Hello. I have a problem. fail2ban restarts every night @ 3:10 and all bans are cleared at this time. Is there any solution for this? I tried to use search but all i could find is this. But its not clear to me, coz lines in my /etc/init.d/fail2ban differs from ones in the link.

Thanks for you arnswers.  :Smile: 

----------

## hpeters

 *eruditas wrote:*   

> Hello. I have a problem. fail2ban restarts every night @ 3:10 and all bans are cleared at this time. Is there any solution for this? I tried to use search but all i could find is this. But its not clear to me, coz lines in my /etc/init.d/fail2ban differs from ones in the link.
> 
> Thanks for you arnswers. 

 

Modify /etc/logrotate.d/fail2ban not /etc/init.d/fail2ban

https://bugs.gentoo.org/show_bug.cgi?id=301139

In /etc/logrotate.d/fail2ban change:

The line:

/usr/bin/fail2ban-client reload 1>/dev/null || true

Should be changed to:

/usr/bin/fail2ban-client set logtarget /var/log/fail2ban.log 1>/dev/null || true

----------

## eruditas

Thanks  :Smile:  I'll see if it works  :Smile: 

----------

## Killerchronic

I don't feel this is actually worth a new topic as its along the same lines, however why does fail2ban restart every night at 3:10? 

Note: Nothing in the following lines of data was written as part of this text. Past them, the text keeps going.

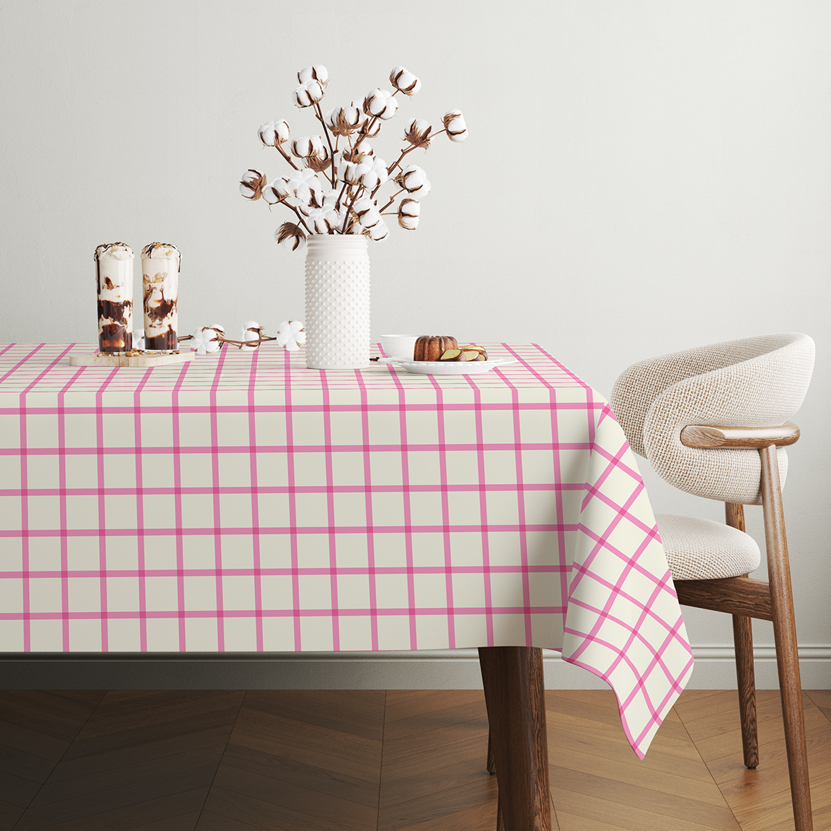 Świetnie komponuje się z naturalnym drewnem i minimalistycznymi dekoracjami — wprowadzi delikatny, kobiecy akcent bez przesady. Dzięki ponadczasowej kracie możesz go używać na co dzień lub podczas wyjątkowych okazji, by szybko odmienić wygląd stołu.
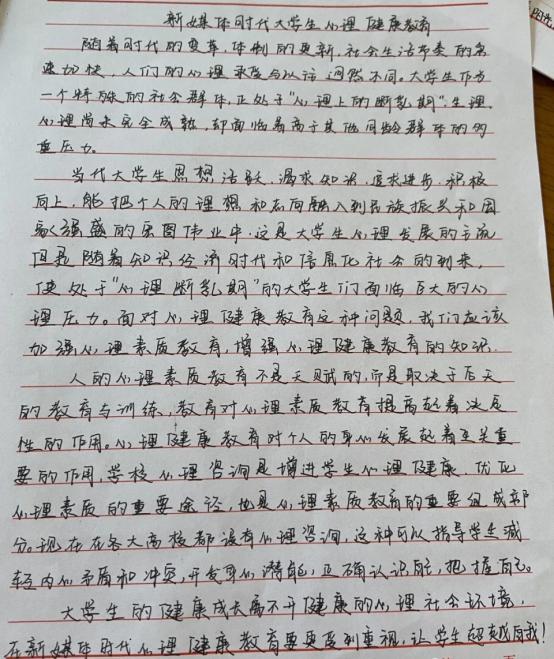在班级统一向全体同学组织了“心理征文”的活动,围绕“心光”主题,鼓励学生结合自身经历,阐述对心理健康的理解、在生活中遇到的挑战及自我成长的心路历程。无论是讲述克服困难的故事,还是对日常心理状态的思考,都在征文范围之内。
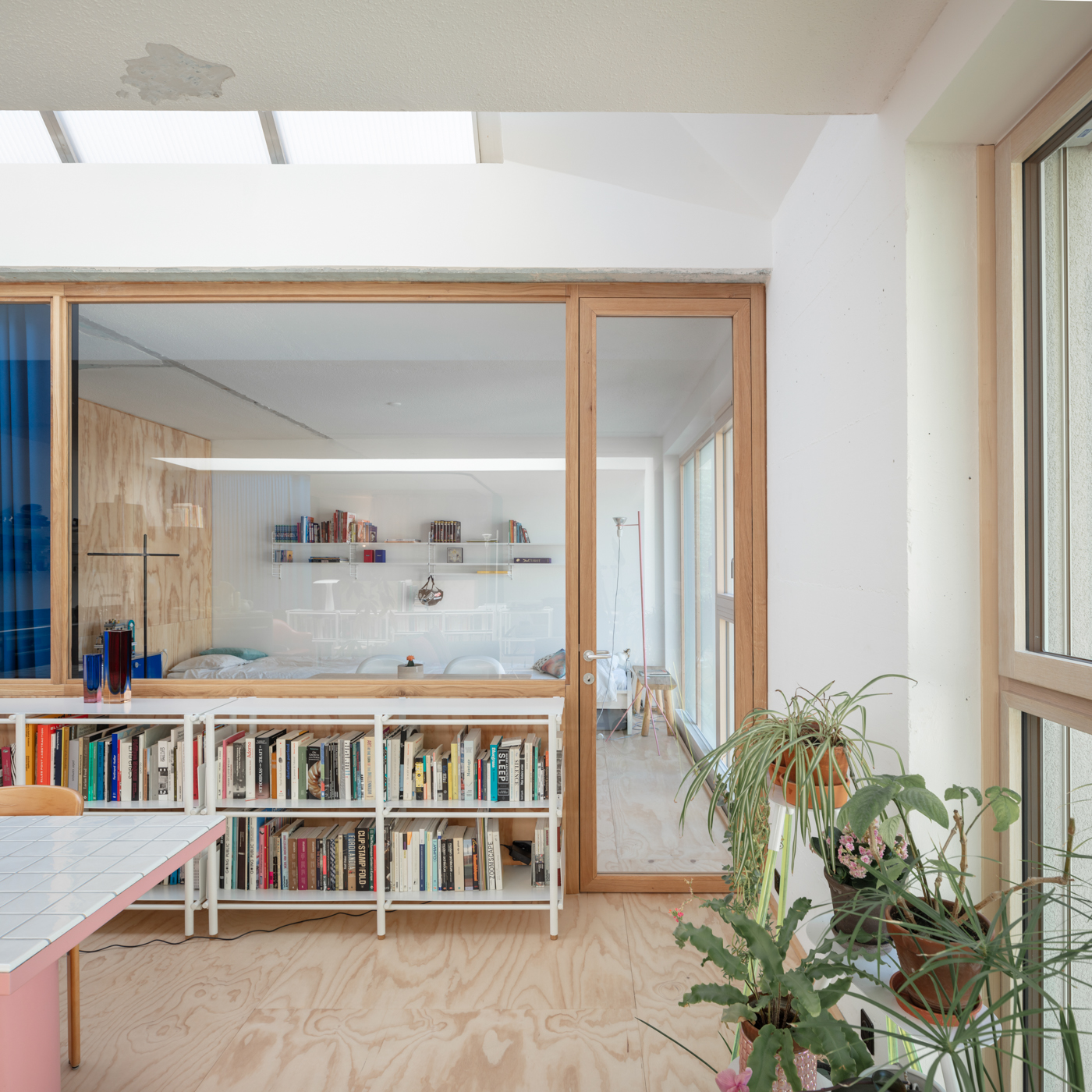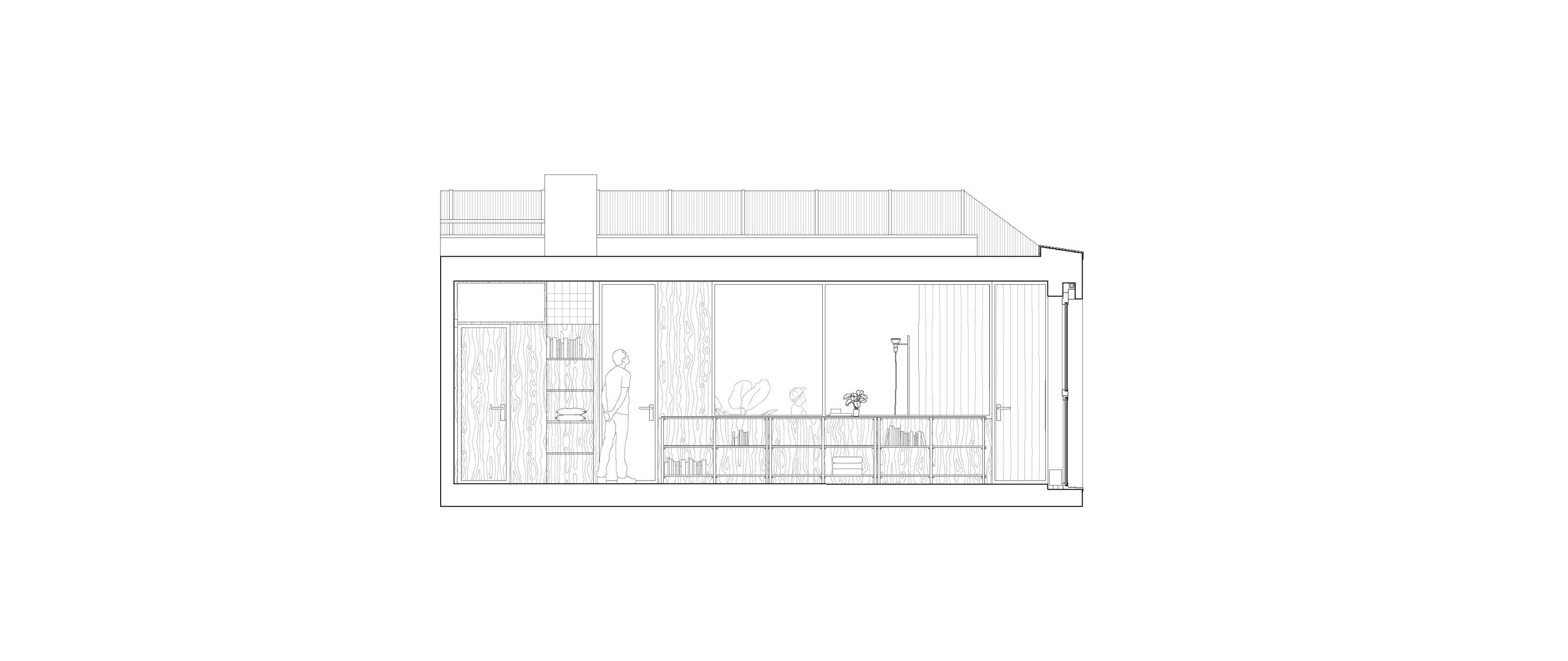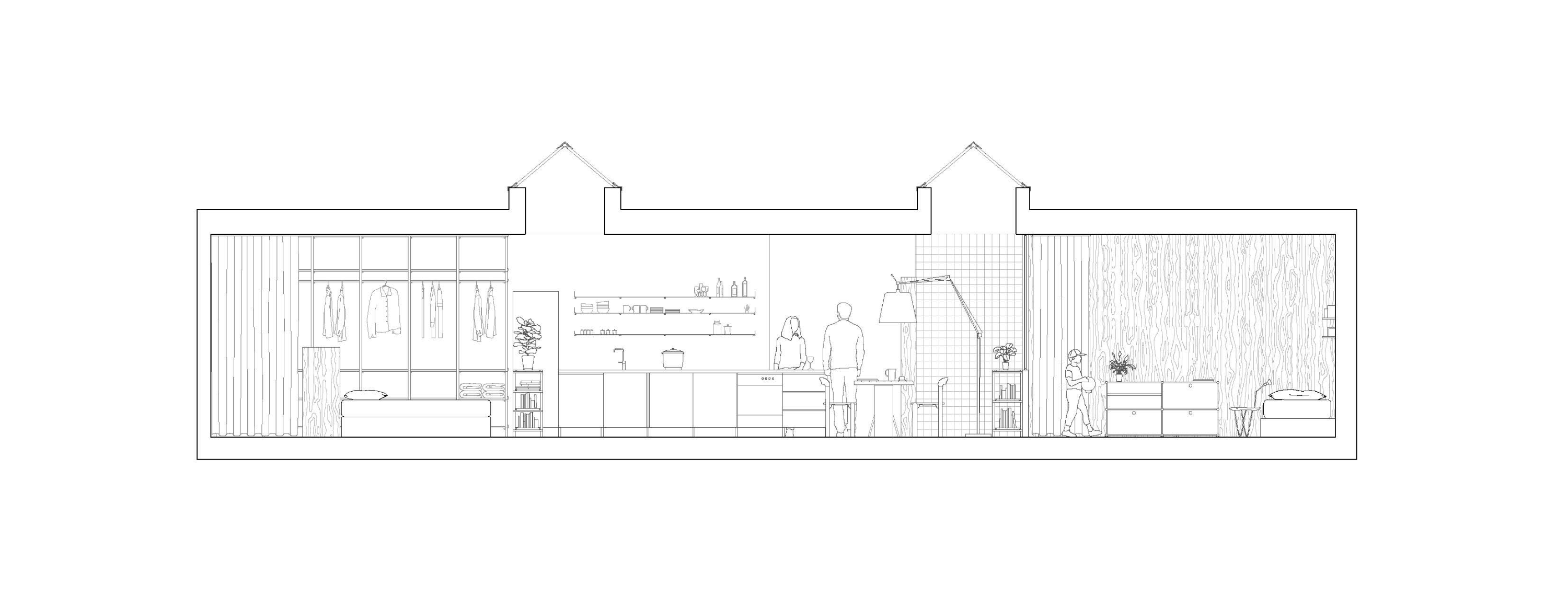 How do homes and houses absorb these expected movements of life? What architect Mary Otis Stevens described as the Flux of Human Life is just our very natural way of being, of grouping and ungrouping temporarily or permanently. Does the elasticity of the inhabitants as a group find spatial responses in our homes? In the case of this apartment, a former dentist cabinet, the attempt is to welcome that “flux” and stay open, to keep the possibilities of spatial evolution exposed to what might happen in time. The existing base helps. The space is structurally free, letting the light in through 2 transversal skylights, perpendicular to the important north-oriented openings.

I would like to know when it starts and stops but i dont want it restarting every night unless its for good reason. I get multiple emails each night saying it stopped then the same amount saying it started, is there a way to turn off its auto-restart/reload thing, it never used to do this a year or so ago.

----------

## Hu

The most common cause of early morning restarts is that a logrotate script is trying to move the other program to a new log file.  I do not know if this applies to fail2ban, but it is easy to check.

----------

## Killerchronic

Thanks, i'll look into that, logrotate could be the cause, i dont recall when i installed it on this server but it wasn't during the base install, could well of been around the same time and i never linked the two.

----------